Mr. Reynolds had a high-deductible, catastrophic-insurance policy. As such, he was wrestling with the decision of whether to come into the hospital to treat his severe cellulitis with IV antibiotics (our formal recommendation), or treat this at home with oral antibiotics. His face wore the torment of the trade-offs. The former surely would cost him his entire $5,000 deductible; the latter, perhaps his life, or at least a limb. As the erythema glared at me, I struggled to recollect a medical school lecture applicable to this situation.

My last patient of the day was Mr. Ramon. He, too, was uninsured. Felled by diabetic ketoacidosis, he was admitted and, as 19-year-olds are wont to do, rebounded quickly. New-onset diabetes, however, was the least of his concerns. With a girlfriend and young child at home, he had to get out of the hospital and return to his job as soon as possible: mouths to feed. Having seen his father lose limbs, kidneys, eyes, and ultimately his life to diabetes, he was motivated to do the right thing.

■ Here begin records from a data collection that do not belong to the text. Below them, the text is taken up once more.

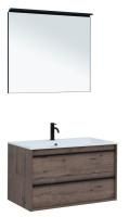 Мебель для ванной Aquanet Lino 90 в цвете "дуб веллингтон" - яркий пример мебели в эко-стиле. Яркая, приятная глазу цветовая гамма плюс текстурная поверхность, максимально приближенная по тактильным ощущениям к натуральной древесной поверхности, является визитной карточкой коллекции. В комплекте тумба с очень удобной зоной хранения: два выдвижных ящика, оборудованных доводчиками, словно утоплены внутрь корпуса. Тонкие изящные ручки во всю ширину ящиков. Именно они находятся в одной плоскости с боковыми стенками. Выглядит стильно. К тому же, безопасно, так как нет выступающих деталей. Кстати, ручки отечественного производства. Сделаны из алюминия, чтобы исключить возможность коррозии, по заказу Aquanet специально для этой коллекции. Сверху на них нанесено эмалевое покрытие. Корпус и фасады тумбы шириной 60 см – из влагостойкого ЛДСП. Сверху установлена раковина «Электра» из литьевого мрамора. У нее максимально глубокая и объемная чаша, но все внутренние детали скруглены. В комплекте зеркало, выполненное в современном дизайне, простое по форме и качественное по исполнению. ВНИМАНИЕ! Светильник в комплект не входит. Понравившийся вариант можно выбрать из ассортимента интернет-магазина и добавить в корзину заказа.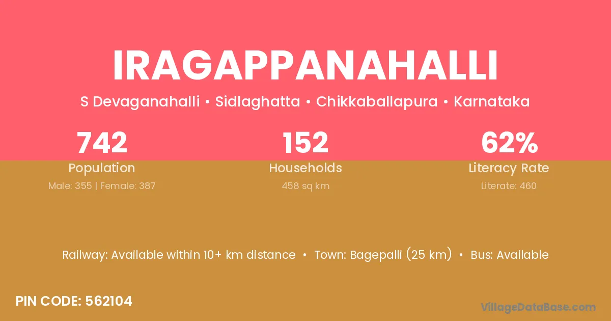 Iragappanahalli village has a total population of 742 people, of which 355 are males and 387 are females.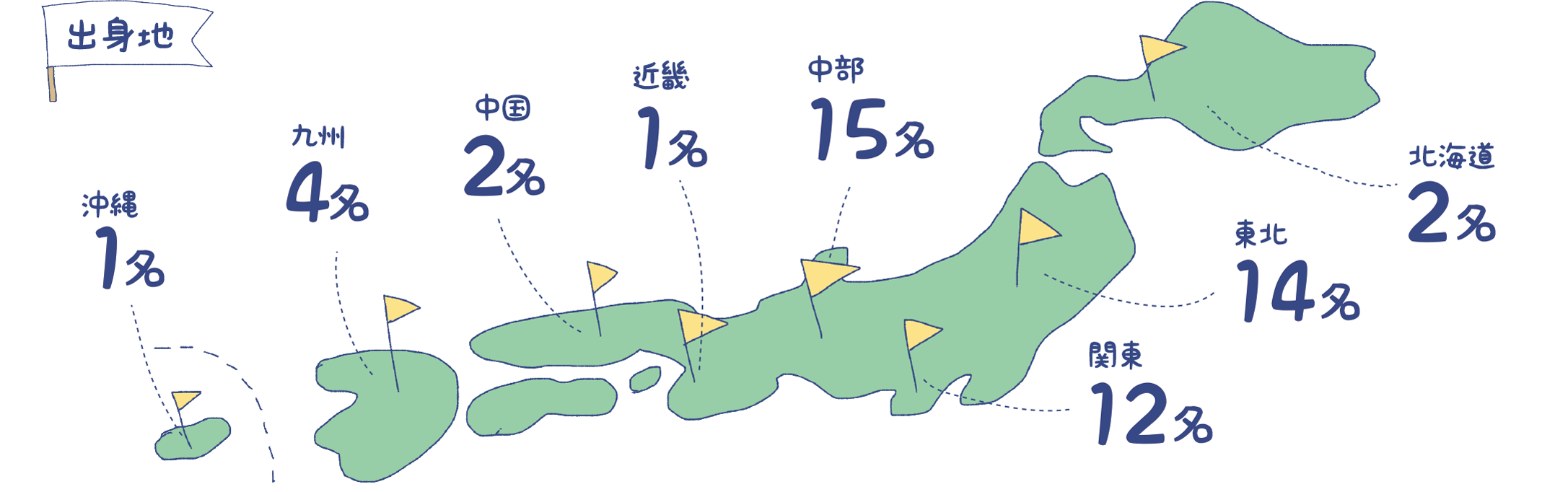 北海道6名、東北12名、関東18名、中部12名、近畿1名、中国1名、九州3名、沖縄2名

Unfortunately, motivation doesn’t pay for insulin. I wondered what would come of him in the next 30 years. Would he be able to care for his disease and live a long and prosperous life, or would this admission be just one in a long series of hospital stays?

Broken System

Every hospitalist is aware of these issues and could no doubt fill pages with similarly horrific stories of a healthcare system long broken. It’s remarkable how much of my time I spend trying to figure out a way to cobble together a passable (the notion of “gold standard” therapy long gone) therapeutic plan for my patients—the Walmart list of $4 drugs has taken white-coat prominence over my “Pocket Pharmacopoeia.”

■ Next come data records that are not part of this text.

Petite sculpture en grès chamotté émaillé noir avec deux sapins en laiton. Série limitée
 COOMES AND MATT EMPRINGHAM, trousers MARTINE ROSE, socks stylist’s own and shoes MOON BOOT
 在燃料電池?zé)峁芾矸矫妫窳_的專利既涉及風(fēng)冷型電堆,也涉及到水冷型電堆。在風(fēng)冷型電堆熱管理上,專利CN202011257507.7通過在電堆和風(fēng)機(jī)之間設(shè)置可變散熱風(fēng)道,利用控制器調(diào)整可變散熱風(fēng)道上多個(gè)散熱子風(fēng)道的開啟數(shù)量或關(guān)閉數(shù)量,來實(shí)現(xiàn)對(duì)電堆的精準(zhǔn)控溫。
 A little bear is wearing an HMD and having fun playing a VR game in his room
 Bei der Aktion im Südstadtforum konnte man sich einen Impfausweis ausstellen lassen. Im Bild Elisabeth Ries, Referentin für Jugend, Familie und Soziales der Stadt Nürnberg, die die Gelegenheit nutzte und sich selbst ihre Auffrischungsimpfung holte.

This isn’t to say the U.S. healthcare system doesn’t do a lot of great things. It does, and that cannot be discounted. It’s also not to say that the bill before Congress is the answer. Still, the fact that medical costs limit many Americans from accessing needed care and have become the leading cause of bankruptcy in the U.S. should arouse concern in even the most ardent opponents of healthcare reform. Regardless of one’s political leanings and feelings about the current attempts at healthcare reform, it’s difficult to stand by and helplessly watch our patients struggle to maneuver within a system that so often seems to work against so many of them.

What’s easy to lose in the D.C. rhetoric and town-hall warfare is that every day, we delay healthcare reform results in undue patient suffering, both physical and financial. It is a system that is broken and needs, in the words of Mr. Jasper’s daughters, to “get well now.”

Before leaving to celebrate the holiday with my family, I was compelled to return to Mr. Jasper’s room. Unfortunately, the patient was off getting a treatment. But his daughters were still there, faces unchanged. Again, drawn to those eyes, I wondered what would become of this situation.

Would he make it home?

How would his family pay the bills?

What would this mean for his daughters’ future?

Would he and his family be forced to declare bankruptcy?

Would the family ever truly recover?

Staring at the picture in the window, I couldn’t help but think of my own children, also waiting for their father to come home from the hospital to celebrate the holidays.

As I turned to leave, my mind lost in thoughts of untimely illness, ill-fated outcomes, and financial devastation, I realized that in America today, nothing more than circumstances kept me from seeing my own children’s eyes staring back at me from that window. TH

Dr. Glasheen is associate professor of medicine at the University of Colorado Denver, where he serves as director of the Hospital Medicine Program and the Hospitalist Training Program, and as associate program director of the Internal Medicine Residency Program.